- **WHAT THIS TASK INVOLVES**: Retype only what runs from the beginning of the data through the line with "Figure 4 reports"; please omit the pictures and keep every line exact.

────

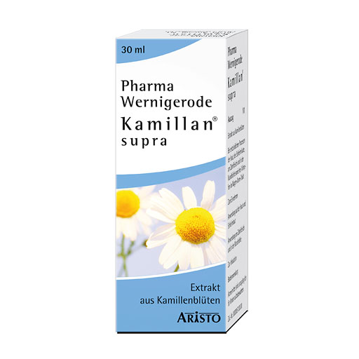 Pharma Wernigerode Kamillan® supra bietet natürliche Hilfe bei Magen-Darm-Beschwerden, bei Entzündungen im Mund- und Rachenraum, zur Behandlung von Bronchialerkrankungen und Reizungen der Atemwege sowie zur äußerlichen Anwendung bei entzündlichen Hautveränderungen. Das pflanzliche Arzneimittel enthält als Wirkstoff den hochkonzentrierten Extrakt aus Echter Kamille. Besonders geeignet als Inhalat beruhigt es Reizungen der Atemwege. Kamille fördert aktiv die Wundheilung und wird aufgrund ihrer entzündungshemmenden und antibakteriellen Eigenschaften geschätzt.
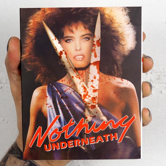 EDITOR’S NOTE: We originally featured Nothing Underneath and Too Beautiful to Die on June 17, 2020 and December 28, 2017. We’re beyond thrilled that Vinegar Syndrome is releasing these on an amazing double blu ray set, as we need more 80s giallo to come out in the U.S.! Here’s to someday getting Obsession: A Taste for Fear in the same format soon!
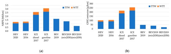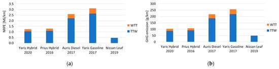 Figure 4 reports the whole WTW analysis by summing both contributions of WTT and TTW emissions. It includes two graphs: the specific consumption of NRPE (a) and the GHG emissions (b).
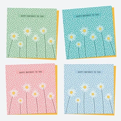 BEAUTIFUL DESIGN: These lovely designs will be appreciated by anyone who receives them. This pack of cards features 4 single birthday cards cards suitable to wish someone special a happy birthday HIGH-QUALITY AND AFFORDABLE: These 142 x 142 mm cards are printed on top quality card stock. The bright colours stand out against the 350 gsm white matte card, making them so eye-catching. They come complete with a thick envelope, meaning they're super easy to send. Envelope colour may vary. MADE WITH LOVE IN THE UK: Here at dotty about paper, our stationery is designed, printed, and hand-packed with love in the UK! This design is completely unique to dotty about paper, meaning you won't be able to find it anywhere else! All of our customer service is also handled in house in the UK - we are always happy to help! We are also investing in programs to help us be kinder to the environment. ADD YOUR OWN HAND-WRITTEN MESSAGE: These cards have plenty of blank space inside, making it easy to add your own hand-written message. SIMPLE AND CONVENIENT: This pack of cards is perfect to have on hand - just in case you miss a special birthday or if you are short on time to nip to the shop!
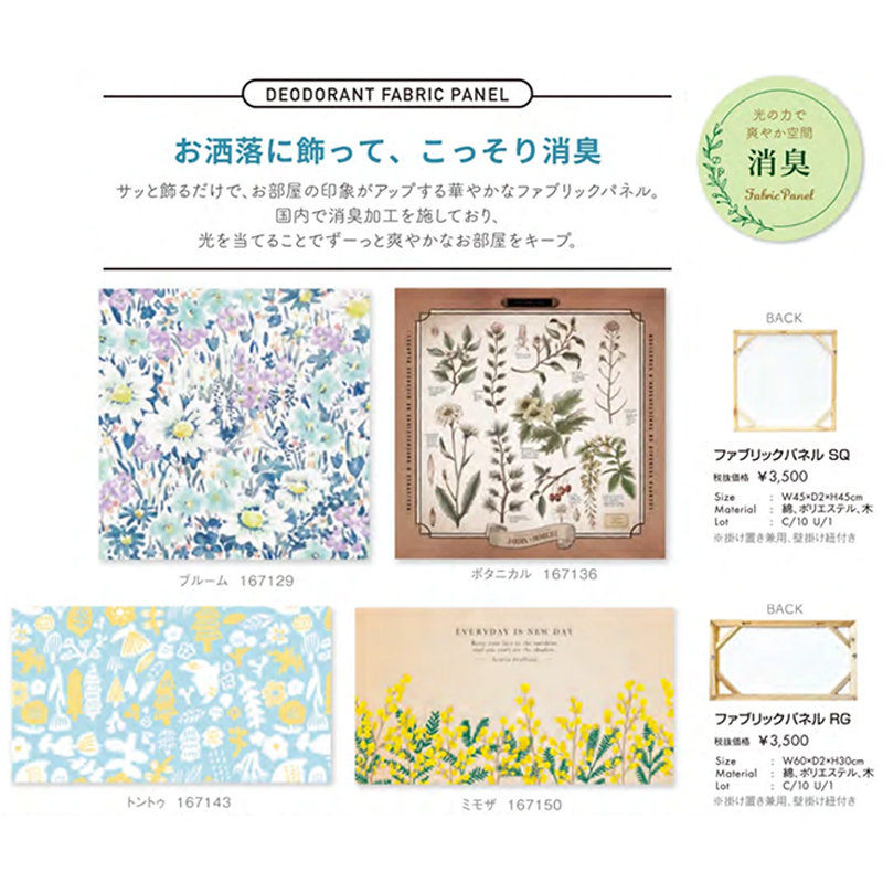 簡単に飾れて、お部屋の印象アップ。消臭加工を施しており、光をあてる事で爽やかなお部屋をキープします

────

- **SOLUTION FOR THIS PROBLEM**:
 Pharma Wernigerode Kamillan® supra bietet natürliche Hilfe bei Magen-Darm-Beschwerden, bei Entzündungen im Mund- und Rachenraum, zur Behandlung von Bronchialerkrankungen und Reizungen der Atemwege sowie zur äußerlichen Anwendung bei entzündlichen Hautveränderungen. Das pflanzliche Arzneimittel enthält als Wirkstoff den hochkonzentrierten Extrakt aus Echter Kamille. Besonders geeignet als Inhalat beruhigt es Reizungen der Atemwege. Kamille fördert aktiv die Wundheilung und wird aufgrund ihrer entzündungshemmenden und antibakteriellen Eigenschaften geschätzt.
 EDITOR’S NOTE: We originally featured Nothing Underneath and Too Beautiful to Die on June 17, 2020 and December 28, 2017. We’re beyond thrilled that Vinegar Syndrome is releasing these on an amazing double blu ray set, as we need more 80s giallo to come out in the U.S.! Here’s to someday getting Obsession: A Taste for Fear in the same format soon!
 Figure 4 reports the whole WTW analysis by summing both contributions of WTT and TTW emissions. It includes two graphs: the specific consumption of NRPE (a) and the GHG emissions (b).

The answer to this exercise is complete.